Cooper, a fire and brimstone-like preacher, changed his name to Hopeful Christian and his 600 plus community share similar such names as Lovely, Angel and Temperance.
“My dad was born in 1926 in Queensland. He came to a sort of mental crisis when he was 22 and had an experience where he believed he had met God who called to him to be a minister,” says Christian.
“He had an attempt at setting up a commune in Australia, which failed, then he moved to New Zealand in 1967 to try to get this weird idea he had off the ground.
“He believed that he was God’s advocate on earth and as he got more power he became more corrupt and he ended up with a God-like status and he took to converting people in sexual ways.
“He thought the Christian, strictly religious barriers around sex were too tight and that sex wasn’t such a bad thing. So, he decided that married couples were going to get rid of some of their inhibitions and enjoy their sex lives better. And that went quite a bit off track.”
In the strict hierarchy, he was the supreme ‘Overseeing Shepherd’ with his team of all-male leaders, the next rank down, known as ‘Shepherds’.
These were followed by the rest of the men of the community with the women – required to wear long blue, body-covering dresses with head scarves – at the bottom.

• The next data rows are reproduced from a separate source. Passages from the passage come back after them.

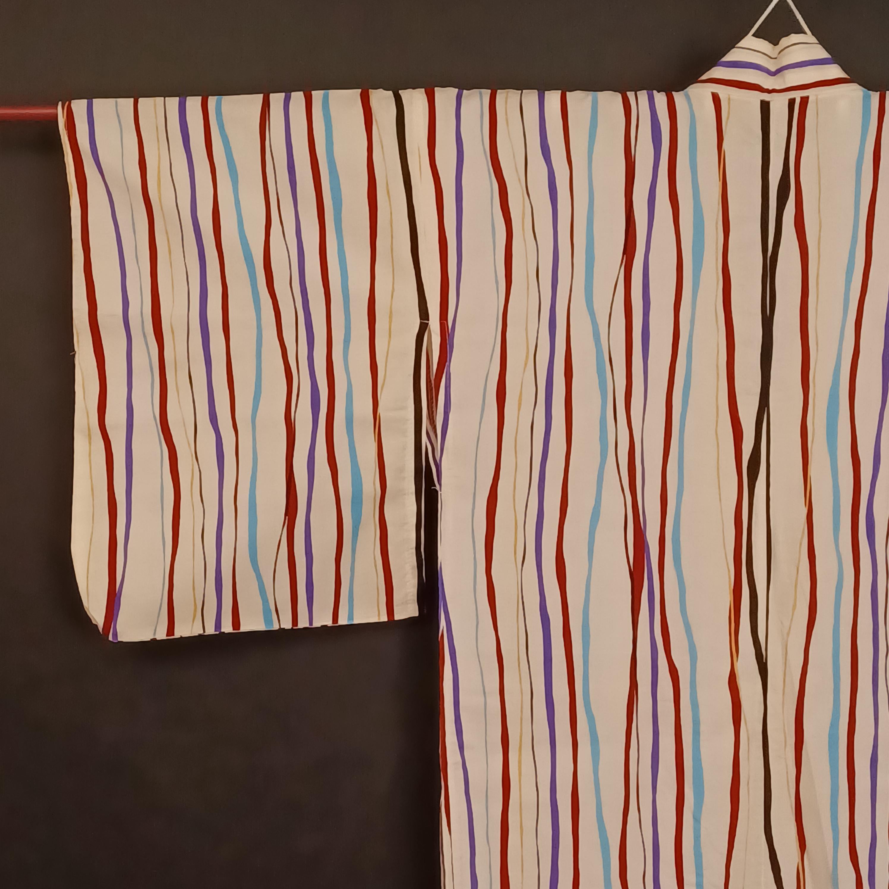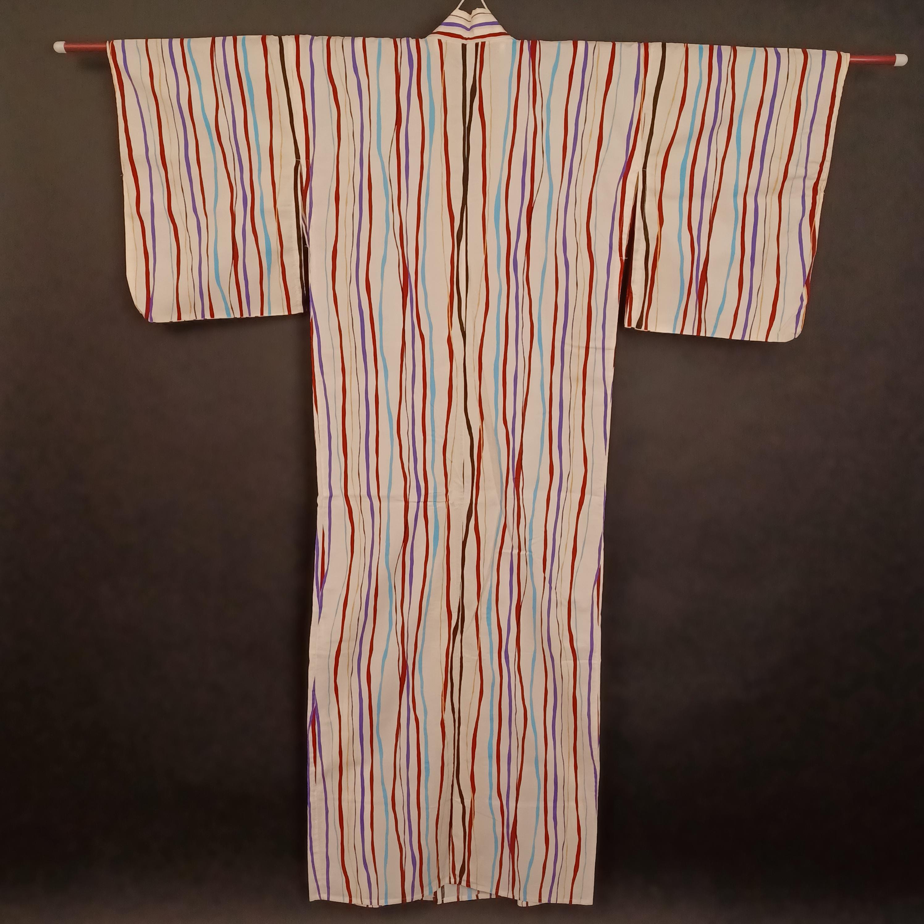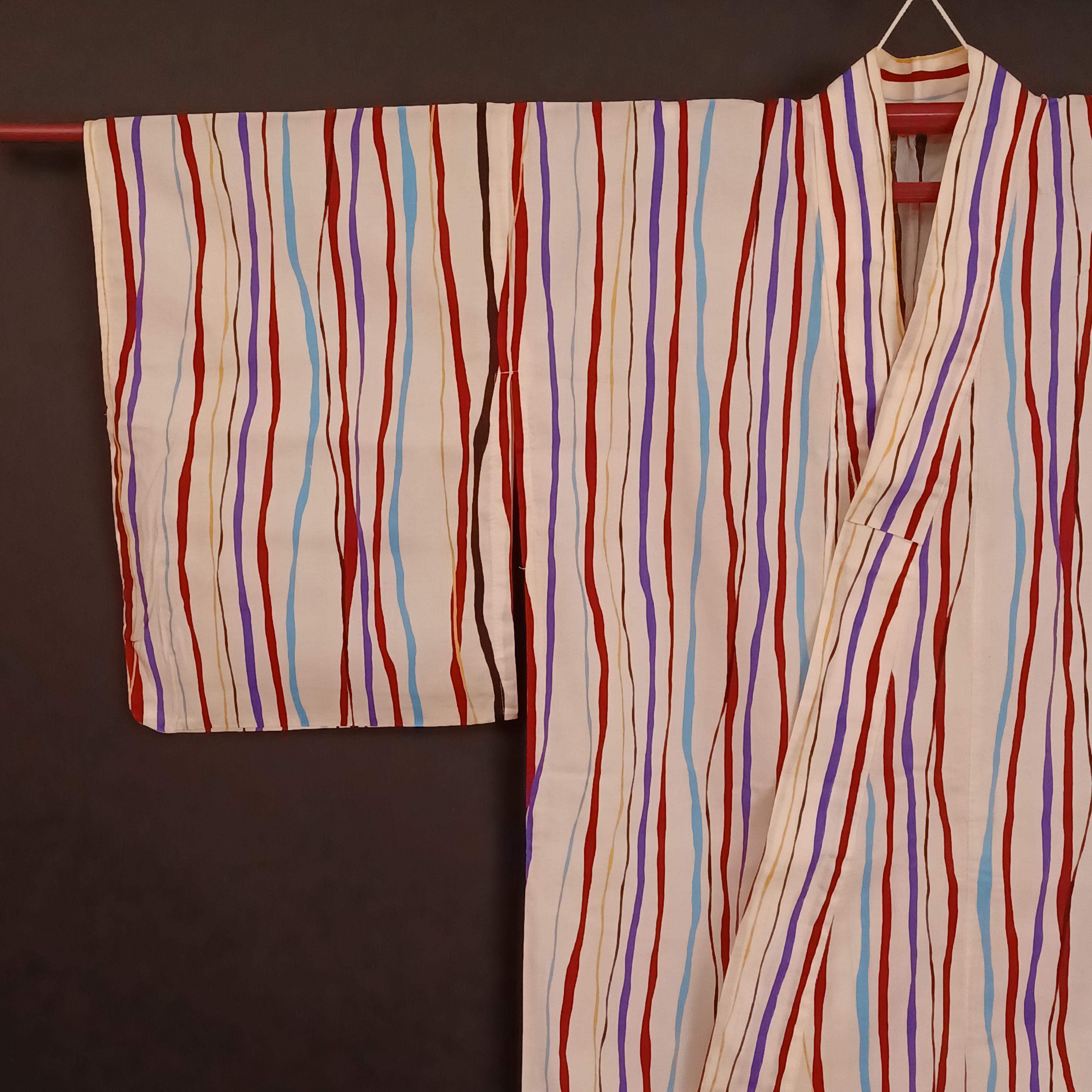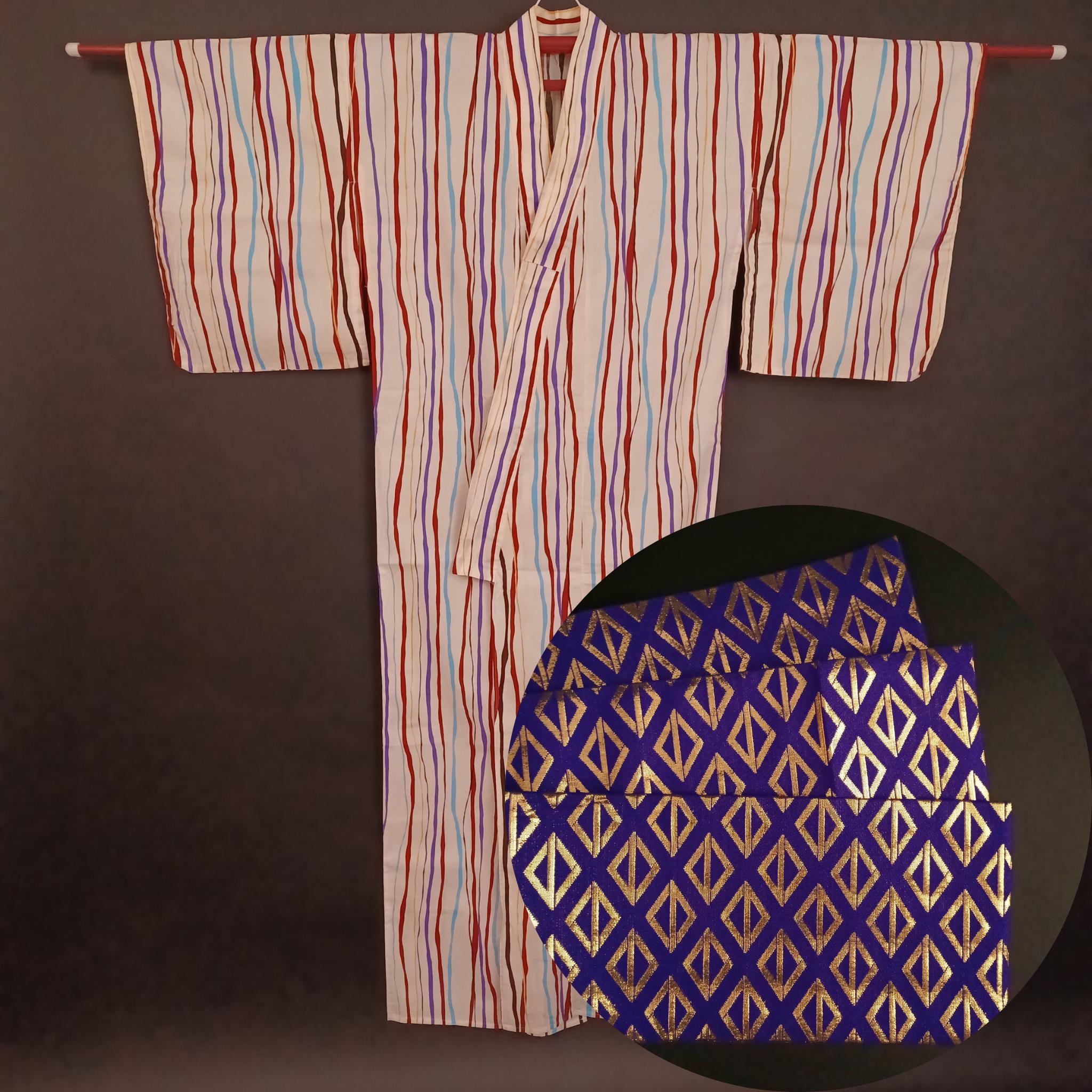 Used Japanese Yukata and Hanhaba Obi Set – Striped Summer Kimono with Purple & Gold Geometric Obi Belt – Cotton Traditional Festival Wear
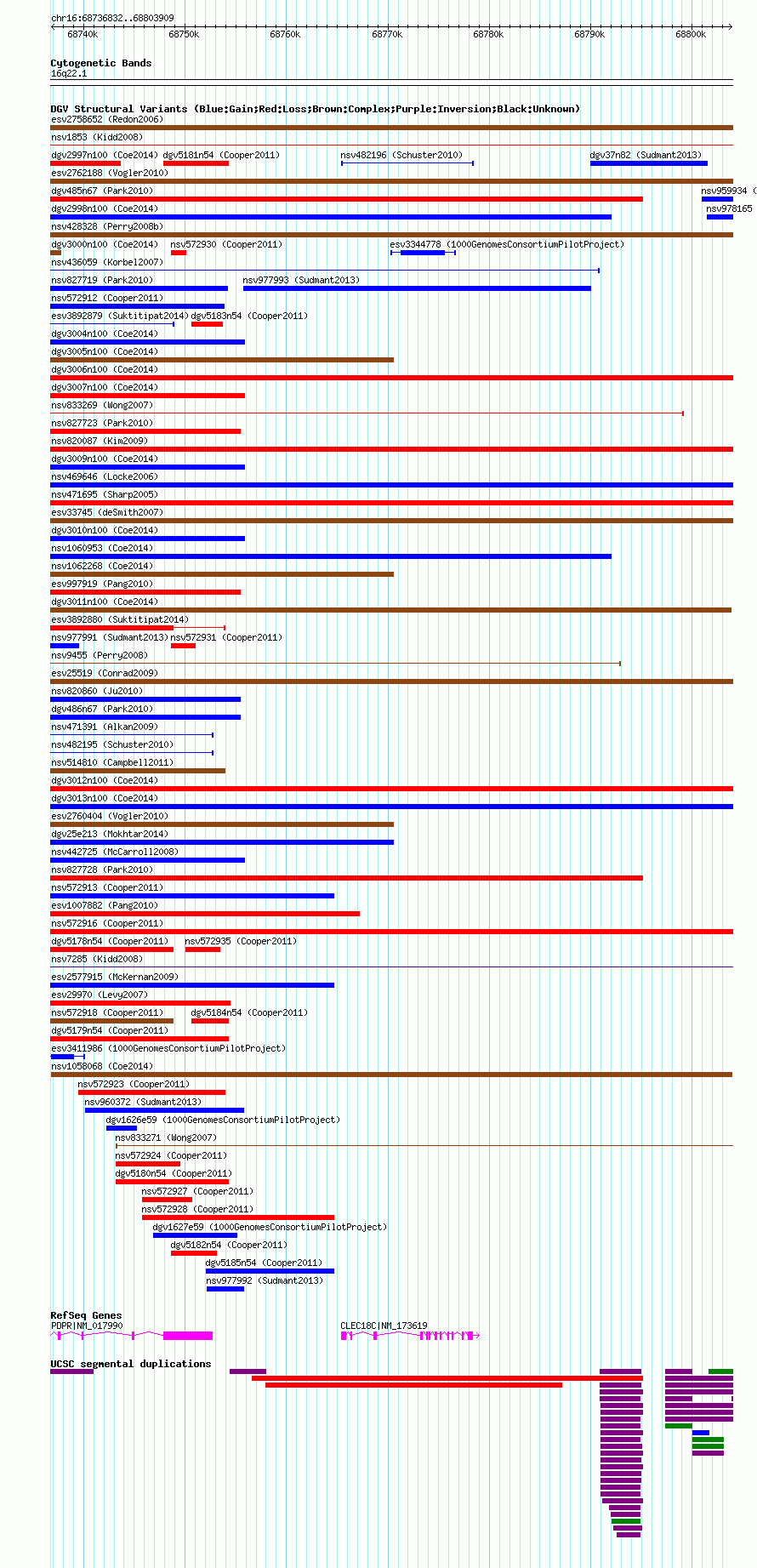 | Variant Type | CNV gain+loss | Copy Number | | Allele State | | Allele Origin | | Probe Count | | Validation Flag | | Merged Status | M | Merged Variants | | Supporting Variants | nssv3719021, nssv3719022, nssv3719023, nssv3559545, nssv3559543, nssv3559544 | Samples | | Known Genes | CLEC18C, PDPR | Method | SNP array | Analysis | Affymetrix SNP array copy number analysis | Platform | Affymetrix SNP Array 6.0 | Comments | | Reference | Coe_et_al_2014 | Pubmed ID | 25217958 | Accession Number(s) | nsv1058068
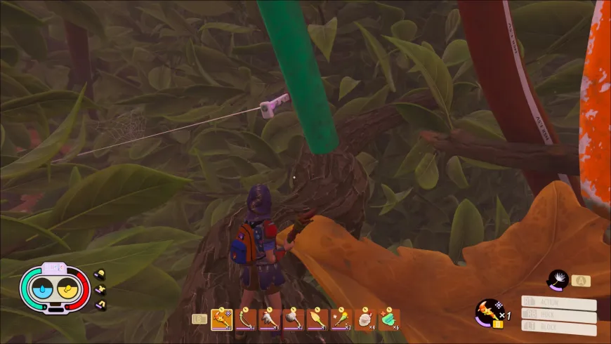 - Следуйте по этой ветке, чтобы попасть на Птичью купальню в Наземной части, избегая листьев по мере необходимости.
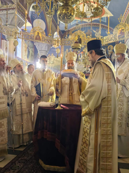 Након читања из светог Јеванђеља, беседом се обратио Митрополит крушевачки Давид истакавши да је Господ живот наш, надање наше, и пуноћа наша. Сцена у јеванђељу показује Господа као дародаваца, а дарови Његови увек живот значе. Бог не захтева ништа од нас, никакве квалификације, само узимање учешћа у догађају хлеба и вина – односно Тела и Крви. Господ је стално са нама, истакао је Митрополит Давид.
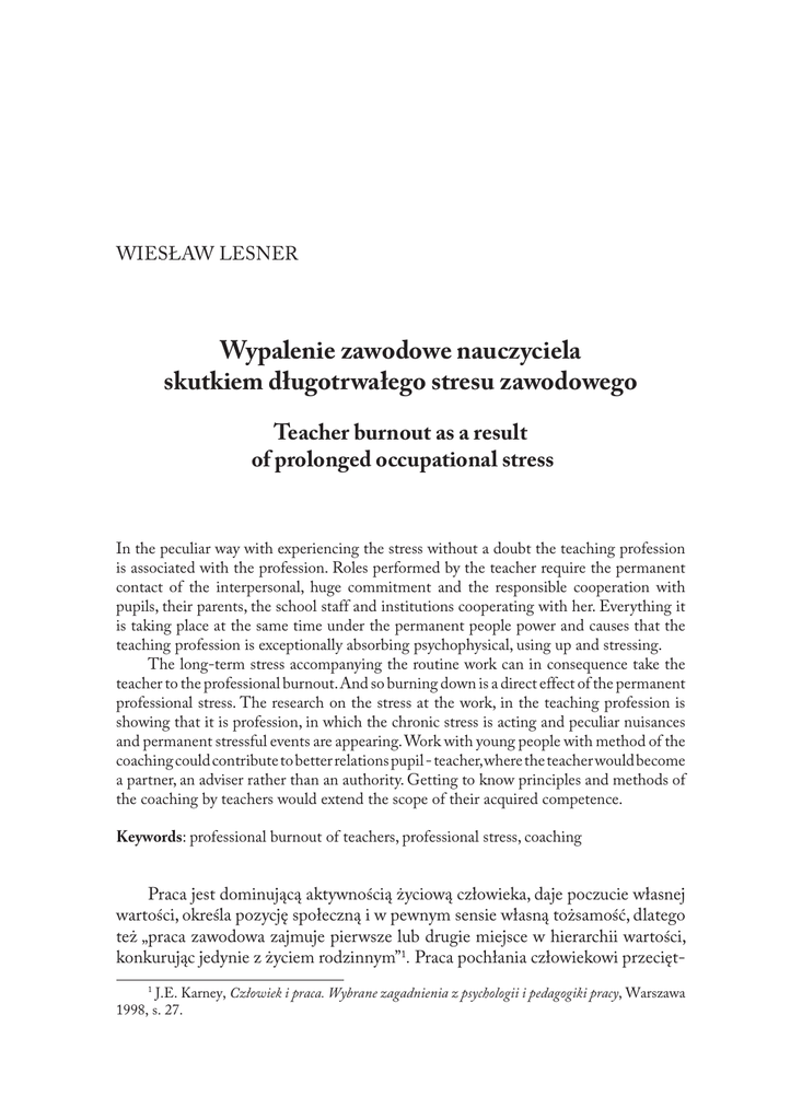 Wiesław Lesner Wypalenie zawodowe nauczyciela skutkiem długotrwałego stresu zawodowego Teacher burnout as a result of prolonged occupational stress In the peculiar way with experiencing the stress without a doubt the teaching profession is associated with the profession. Roles performed by the teacher require the permanent contact of the interpersonal, huge commitment and the responsible cooperation with pupils, their parents, the school staff and institutions cooperating with her. Everything it is taking place at the same time under the permanent people power and causes that the teaching profession is exceptionally absorbing psychophysical, using up and stressing. The long-term stress accompanying the routine work can in consequence take the teacher to the professional burnout. And so burning down is a direct effect of the permanent professional stress. The research on the stress at the work, in the teaching profession is showing that it is profession, in which the chronic stress is acting and peculiar nuisances and permanent stressful events are appearing. Work with young people with method of the coaching could contribute to better relations pupil - teacher, where the teacher would become a partner, an adviser rather than an authority. Getting to know principles and methods of the coaching by teachers would extend the scope of their acquired competence. Keywords: professional burnout of teachers, professional stress, coaching Praca jest dominującą aktywnością życiową człowieka, daje poczucie własnej wartości, określa pozycję społeczną i w pewnym sensie własną tożsamość, dlatego też „praca zawodowa zajmuje pierwsze lub drugie miejsce w hierarchii wartości, konkurując jedynie z życiem rodzinnym”. Praca pochłania człowiekowi przeciętJ.E. Karney, Człowiek i praca. Wybrane zagadnienia z psychologii i pedagogiki pracy, Warszawa 1998, s. 27. 282 Wiesław Lesner nie 1/3 życia w okresie produkcyjnym, czyli okres około 40 lat. Wyliczono, że jest to mniej więcej 100 tysięcy godzin naszej egzystencji. Praca „traktowana jest jako przejaw społecznej dojrzałości; osoba dojrzała to taka, która podejmuje aktywność zawodową i w jej efekcie potwierdza i rozwija swoje zasoby, umiejętności, możliwości, a oprócz tego otrzymuje wynagrodzenie na dobre życie”. Wybór pracy zawodowej jest wolnym wyborem człowieka i jest rozłożony w czasie (etapy edukacji). Takim, a nie innym wyborem człowiek pokazuje także swoje oczekiwania wobec życia, wobec samego siebie, definiuje, kim jest i kim chciałby być, oraz jakie miałby pełnić role w grupie społecznej. Sumując wszystkie te aspekty – praca jest formą świadomego życia. Człowiek poprzez świadome nabywanie i rozwój dyspozycji psychicznych i kompetencji przygotowuje się do realizacji pracy. Przychodzi moment podjęcia pierwszej pracy zawodowej. System wartości, oczekiwań, poglądów, wiedza nabyta, wiedza potoczna, zostają poddane trudnej próbie. Inna od oczekiwań rzeczywistość wywołuje stres. Już w latach 30. ubiegłego wieku lekarz Hans Selye prowadził badania z zakresu fizjologii. Stresem nazwał stan organizmu, na jaki składają się wszystkie niespecyficzne zmiany wywołane czynnikami szkodliwymi dla organizmu. Polski psycholog J. Strelau mianem stresu określił stan, na który składają się silne negatywne emocje oraz towarzyszące mu zmiany fizjologiczne i biochemiczne, przekraczające normalny stan pobudzenia, których przyczyną jest brak równowagi między wymaganiami a możliwościami ich spełnienia. Przy czym wymagania i możliwości mogą być zarówno subiektywne, jak i obiektywne. Stres jest „uniwersalną” odpowiedzią na trudności, czyli powstaje wtedy, kiedy człowiek nie może dać sobie rady w sytuacji, w której się znajduje i nie jest w stanie jej kontrolować. Wymagania środowiska także wywołują stres i choć jest on zjawiskiem naturalnym i jest nieuniknioną częścią życia, wymaga umiejętności przystosowania się do zmian. Jednakże, gdy stres ma charakter długotrwały, wywołuje wiele negatywnych konsekwencji. Takim długotrwałym stresem może być stres zawodowy, który jest wynikiem narastających konsekwencji wymagań stawianych pracownikowi w miejscu pracy. Określa się, że już ponad 75% czynnych zawodowo osób ocenia swoją pracę jako stresującą. Co roku na świecie rozpoznaje się od 60 do 150 milionów nowych przypadków chorób związanych z pracą zawodową. Jednym ze skutków długotrwałego stresu zawodowego jest wypalenie zawodowe. Jest to stan, który krystalizuje się powoli, przez dłuższy okres przeżywania L. Golińska, Pracoholizm, uzależnienie czy pasja, Warszawa 2009, s. 10. W. Furmanek, Zarys humanistycznej teorii pracy, Toruń 2008, s. 209–210. G. Bartkowiak, Człowiek w pracy. Od stresu do sukcesu w organizacji, Warszawa 2009, s. 10–15. N. Ogińska-Bulik, Stres zawodowy w zawodach usług społecznych. Źródła – Konsekwencje – Zapobieganie, Warszawa 2006, s. 9. Wypalenie zawodowe nauczyciela skutkiem długotrwałego stresu zawodowego 283 stałego stresu i angażowania całej potencji życiowej, i który w końcowym rezultacie wywiera zły wpływ na motywację, poglądy i zachowanie. To stan frustracji i zobojętnienia pojawiający się u osób, które w pracy intensywnie zajmują się innymi, poświęcają temu tak dużo energii psychicznej i fizycznej, że nie mają już siły i motywacji do kontynuowania swojej pracy z dotychczasową intensywnością. Zawodem związanym w sposób szczególny z doświadczaniem stresu jest niewątpliwie zawód nauczyciela. Pełnione przez pedagoga role wymagają stałego kontaktu interpersonalnego, ogromnego zaangażowania i odpowiedzialnej współpracy z uczniami, ich rodzicami, pracownikami szkoły i instytucjami z nią współpracującymi. Wszystko to odbywa się jednocześnie pod stałą presją społeczną i sprawia, że zawód nauczyciela jest niezwykle absorbu

And it was the women who did the bulk of the chores, spending long days cooking, serving meals, making cheese, sewing and doing the laundry… as well as having as many babies as possible.
“The women are there to serve the men, to work and have babies,” says ex-Gloriavale member, Rosanna Overcomer, who was sexually abused when she was 14 by another member of the community.
“You are not to talk to the opposite sex before marriage. We were told all the time that if you show off your ankles you are tempting the men and Hopeful would say that men even get turned on by elbows and so we were not to pull our sleeves up.